Он повторил этот стих, словно для себя самого, и продолжал еще некоторое время говорить, не отнимая рук от лица:

- Было бы, знаешь ли, идеально проповедовать Евангелие одним детям. Мы слишком расчетливы, вот в чем зло. Поэтому-то нам только и остается, что учить духу бедности, а это, мой милый, поверь, не легкое дело! Ну и пытаешься на все лады, плохо ли, хорошо, приспособиться. И прежде всего начинаешь обращаться к одним богатым. Проклятые богачи! Это, как назло, люди очень сильные, очень умные, дипломаты - первый сорт. Когда какой-нибудь дипломат вынужден подписать договор, который ему не по вкусу, он спорит по каждому пункту. Тут изменит слово, там переставит запятую, в конце концов все подгонит, тютелька в тютельку. Ну а на этот раз, черт возьми, овчинка стоила выделки: речь-то ведь шла о проклятии, сам понимаешь! Но оказывается, есть проклятие - и проклятие. В данном случае его обходят. "Удобнее верблюду пройти сквозь игольные уши, нежели богатому войти в царство божье..." Заметь, я первый нахожу этот текст чересчур суровым и вовсе не отказываюсь делать различия, а то слишком уж это ударило бы по клиентуре отцов иезуитов. Итак, сойдемся на том, что Господь имел в виду богачей, настоящих богачей, богачей, проникнутых духом богатства. Ладно! Но когда дипломаты принимаются намекать, что игольное ушко - одно из врат Иерусалимских, только чуть-чуть поуже, и богач, проходя сквозь него в царство небесное, рискует разве что слегка оцарапать икры или порвать на плечах свою красивую тунику, это меня, как ни говори, злит! Господь наш собственной рукой начертал на этих денежных мешках: "Смертельно опасно", как делает дорожное управление на мачтах высокого напряжения, а еще хотят, чтобы...

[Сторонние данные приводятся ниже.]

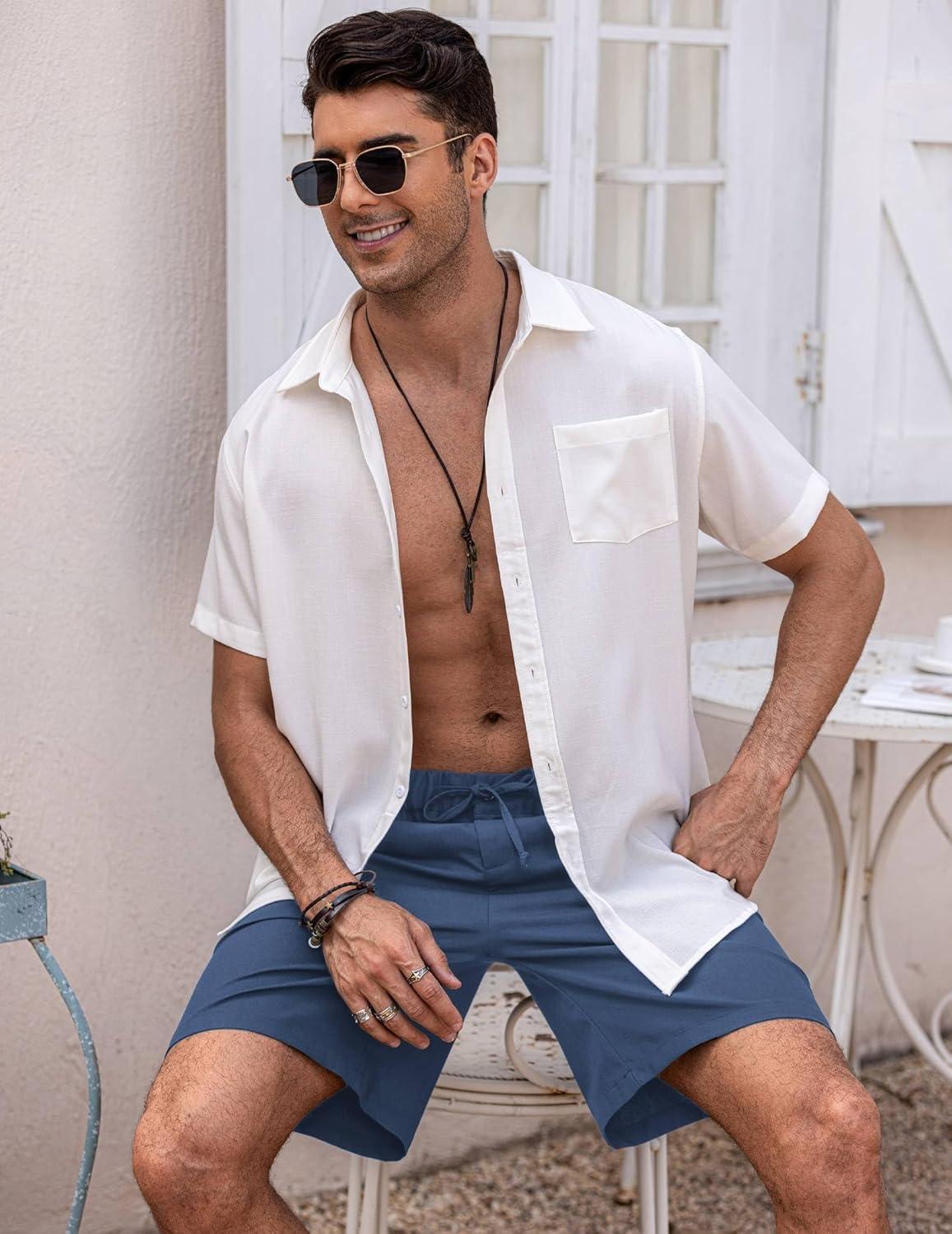 Be the first to review “COOFANDY Mens Linen Shorts Elastic Waist Drawstring Casual Summer Beach Shorts(Denim Blue)”

Он поднялся и стал ходить по комнате, от стены к стене, засунув руки в карманы своей теплой сутаны. Я хотел тоже встать, но он усадил меня кивком головы. Я чувствовал, что он еще колеблется, как бы вынося обо мне последнее суждение, взвешивая, можно ли мне сказать то, чего он, возможно, не говорил никому - во всяком случае, в подобных выражениях. Он явно во мне сомневался, однако в его сомнениях не было ничего для меня унизительного, могу поклясться. Он, впрочем, и не способен никого унизить. В эту минуту его взгляд был таким добрым, мягким - хотя это кажется нелепым, когда речь идет о солидном, полном, почти вульгарном на вид мужчине, о человеке с таким огромным практическим опытом, знанием жизни, - в нем была удивительная, непередаваемая чистота.

- Нужно многое взвесить, прежде чем говорить богатым о бедности. Иначе мы оказались бы недостойны проповедовать ее беднякам, а как тогда осмелиться предстать перед судом Спасителя нашего Иисуса Христа?

- Проповедовать бедность беднякам? - спросил я.

- Да, беднякам. Ибо к ним посылает нас Господь в первую очередь, а для чего? Что должны мы возвестить им? Бедность. Они-то ждут совсем другого! Они ждут, что их нищете будет положен конец, а вместо этого Бог берет за руку бедность и говорит им: "Вот ваша Владычица, поклянитесь ей в верности и благоговении", какой удар! Запомни, что к этому, в сущности, сводится вся история еврейского народа с его царством земным. Народ бедняков подобен еврейскому народу, страннику среди других племен, алчущему исполнения своих плотских упований, это - народ разочарованный, разочарованный до мозга костей.

- И, однако...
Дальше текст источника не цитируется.